The organization’s audit tools monitor and restrict the misuse of log data. Strict access control, separation of duty, and other policies define which users can access the management system of VMware.

The VMware Security Operations Center uses security information and event management (SIEM) tools to monitor logs and all the privileged access is captured in a centralized server. HR policies of VMware ensure that the terminated employees have no access. A quarterly access review audit is performed to ensure that the service access is appropriate. An employee who changes roles within the organization has access privileges modified according to their new position. Controls are applied to ensure that access to systems that are no longer required for business purposes is removed.

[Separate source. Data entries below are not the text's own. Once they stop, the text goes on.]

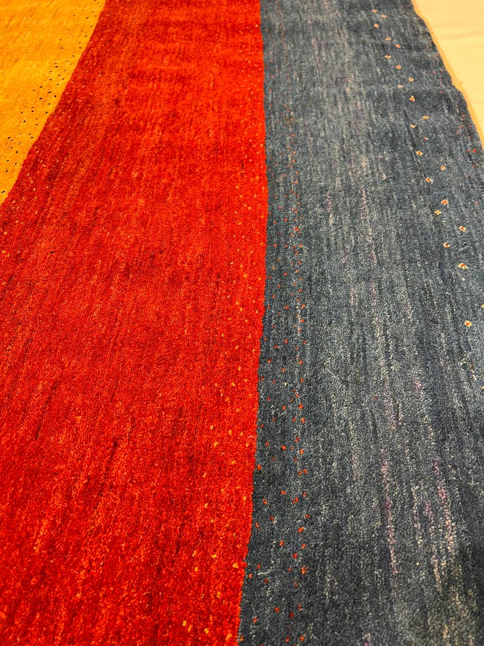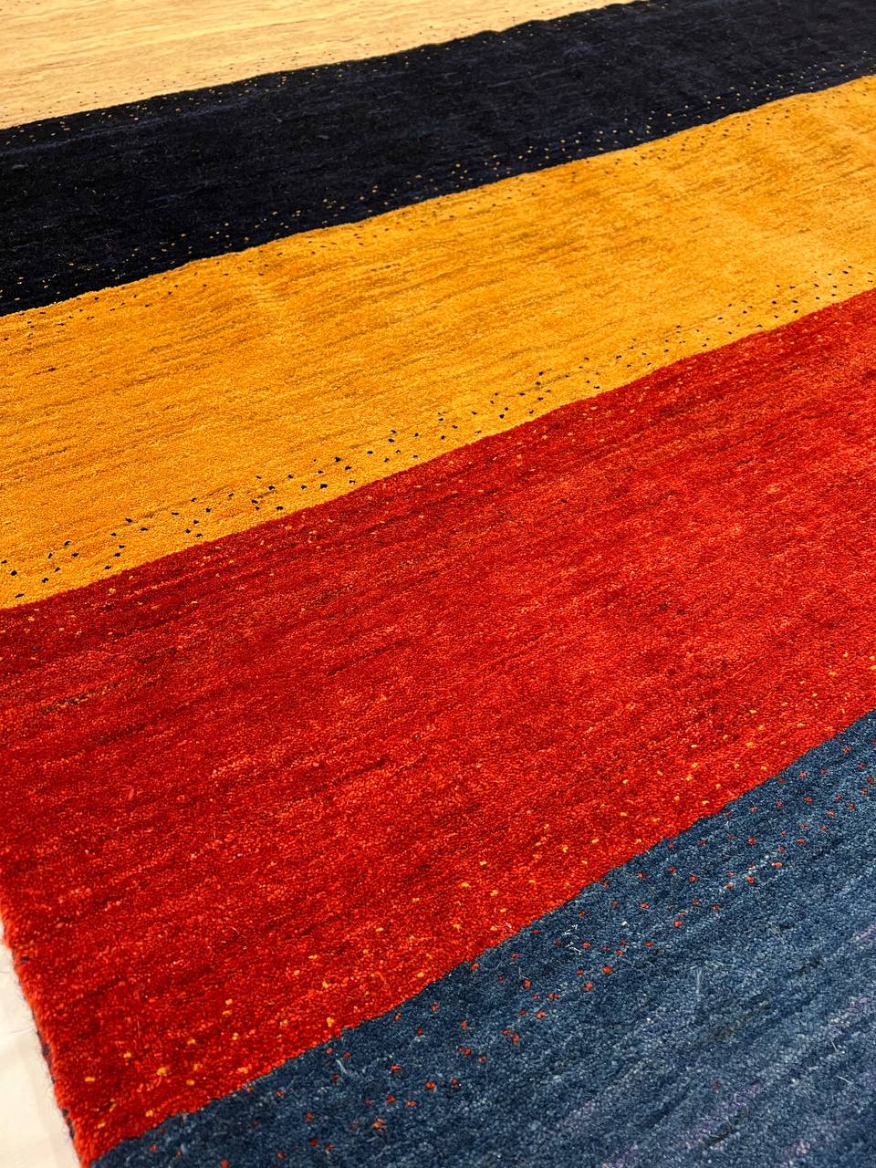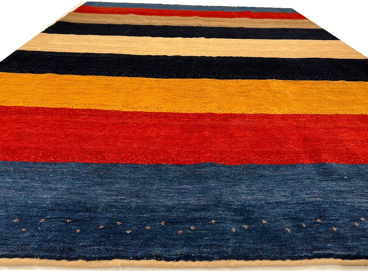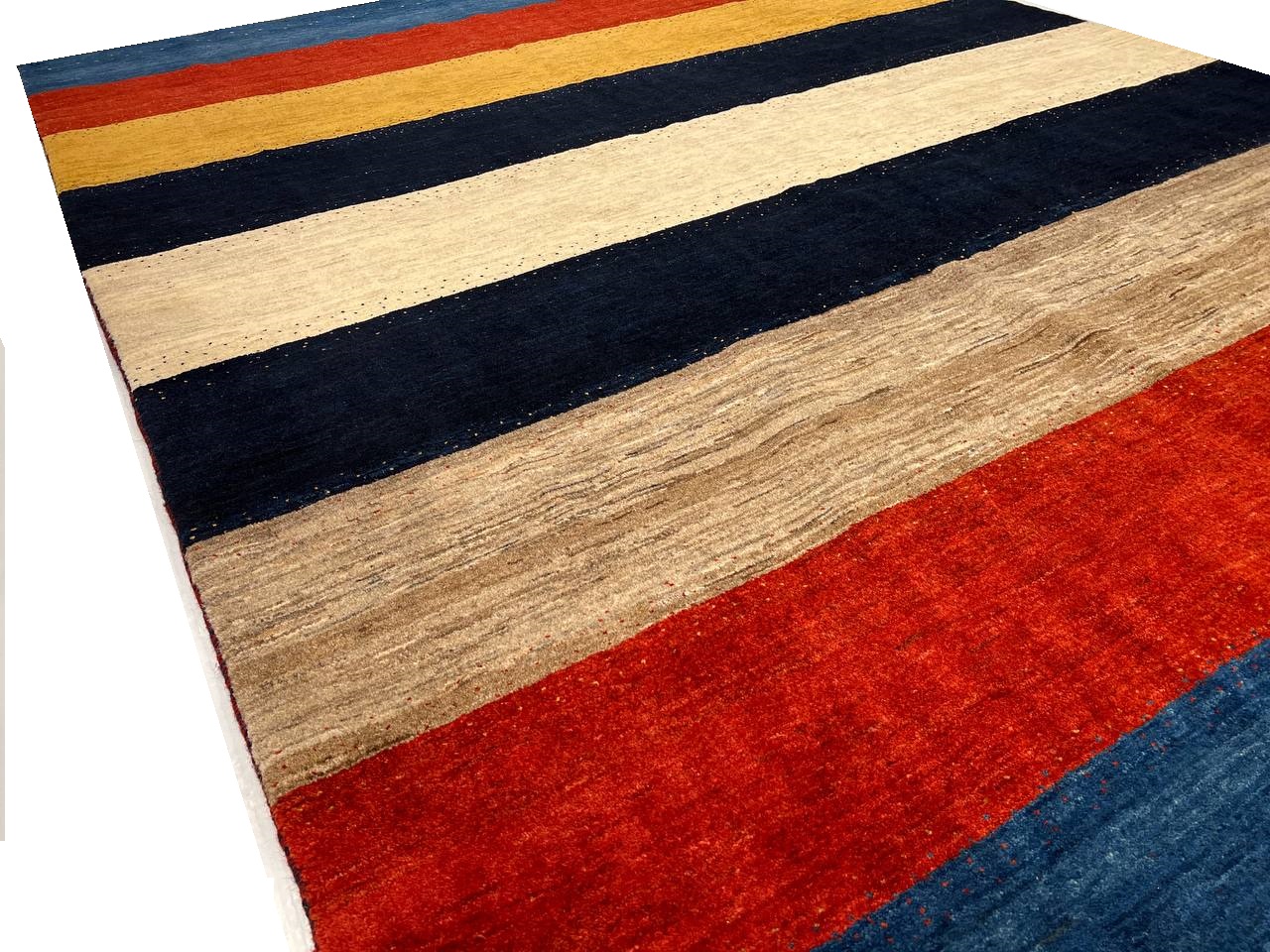 A Gabbeh is a handmade Persian rug which were traditionally woven by Qashqai and Luri weavers in Iran. These rugs are and were simple, whimsical or modern in design, often using geometric and stylized human, animal and plant forms.
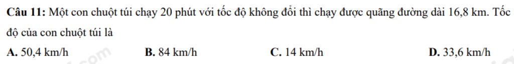 Câu `11:` Một con chuột túi chạy `20` phút với tốc độ không đổi thì chạy được quãng đường dài `16,8 km.` Tốc độ của con chuột túi là :
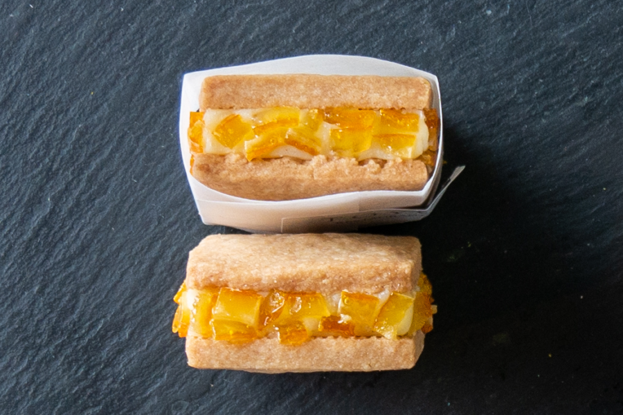 爽やかな酸味や程よい苦みはそのままに、甘みと苦味、フレッシュな味わいの八朔の使用したホワイトチョコレートベースのガナッシュを卵を使用しない全粒粉のビスケットでサンドしました。

The third-party access to organization’s information systems and data is followed by coordinated application of resources to minimize and monitor the likelihood and impact of unauthorized access. Compensating controls derived from risk analyses are implemented before provisioning access. As a customer, you are responsible for managing access to the administrative console and end-user resources. You can also control the access to VMware Cloud services and virtual network. Access to diagnostic and configuration ports is restricted to authorized individuals and applications. VMware systems management access is performed over a dedicated network connection. Customer management access is performed over a dedicated management network connection established by VPN.

The Terms of Service document clearly defines the demarcation between responsibilities of VMware, separation of duties within VMware, the responsibilities of Amazon Web Services, and customer responsibilities.